Instructions for the task:
Below, locate the line that contains "Hey there, finance". Repeat exactly from that line to the line that contains "Name - CDT RAHUL", inclusive, leaving out the pictures.

Records for the exercise:
· · ·
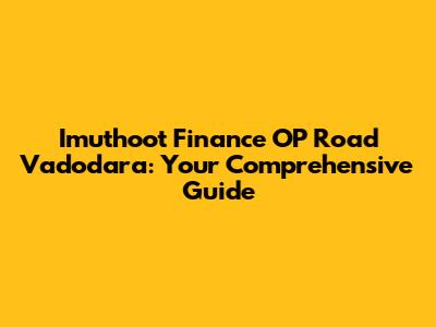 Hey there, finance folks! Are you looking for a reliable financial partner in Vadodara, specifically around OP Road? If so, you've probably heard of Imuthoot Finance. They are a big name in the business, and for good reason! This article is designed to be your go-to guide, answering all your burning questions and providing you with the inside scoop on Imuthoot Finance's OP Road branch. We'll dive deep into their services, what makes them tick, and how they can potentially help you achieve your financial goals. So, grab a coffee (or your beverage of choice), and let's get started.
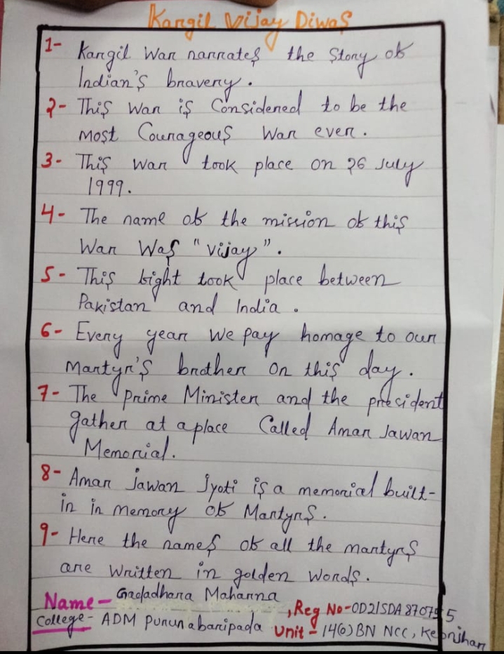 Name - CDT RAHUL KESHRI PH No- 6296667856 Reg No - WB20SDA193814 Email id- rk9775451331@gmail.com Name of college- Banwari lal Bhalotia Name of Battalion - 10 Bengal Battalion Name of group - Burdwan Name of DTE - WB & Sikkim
· · ·
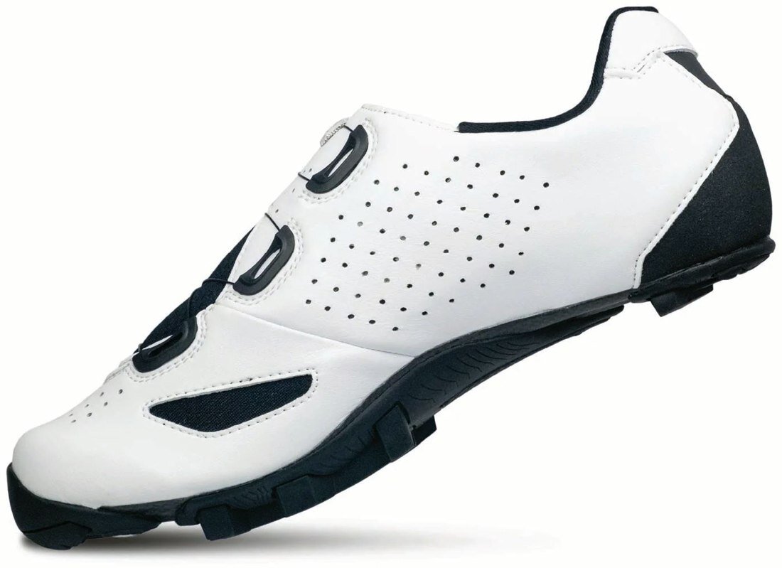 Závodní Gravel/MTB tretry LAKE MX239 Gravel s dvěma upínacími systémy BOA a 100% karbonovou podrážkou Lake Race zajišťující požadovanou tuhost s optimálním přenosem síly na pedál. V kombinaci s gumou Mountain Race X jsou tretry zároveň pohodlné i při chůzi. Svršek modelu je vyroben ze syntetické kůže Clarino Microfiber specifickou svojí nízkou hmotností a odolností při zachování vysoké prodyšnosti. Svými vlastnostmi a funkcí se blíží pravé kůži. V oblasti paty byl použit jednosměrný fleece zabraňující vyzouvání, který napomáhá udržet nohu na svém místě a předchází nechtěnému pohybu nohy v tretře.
· · ·
Response to the task:
 Hey there, finance folks! Are you looking for a reliable financial partner in Vadodara, specifically around OP Road? If so, you've probably heard of Imuthoot Finance. They are a big name in the business, and for good reason! This article is designed to be your go-to guide, answering all your burning questions and providing you with the inside scoop on Imuthoot Finance's OP Road branch. We'll dive deep into their services, what makes them tick, and how they can potentially help you achieve your financial goals. So, grab a coffee (or your beverage of choice), and let's get started.
 Name - CDT RAHUL KESHRI PH No- 6296667856 Reg No - WB20SDA193814 Email id- rk9775451331@gmail.com Name of college- Banwari lal Bhalotia Name of Battalion - 10 Bengal Battalion Name of group - Burdwan Name of DTE - WB & Sikkim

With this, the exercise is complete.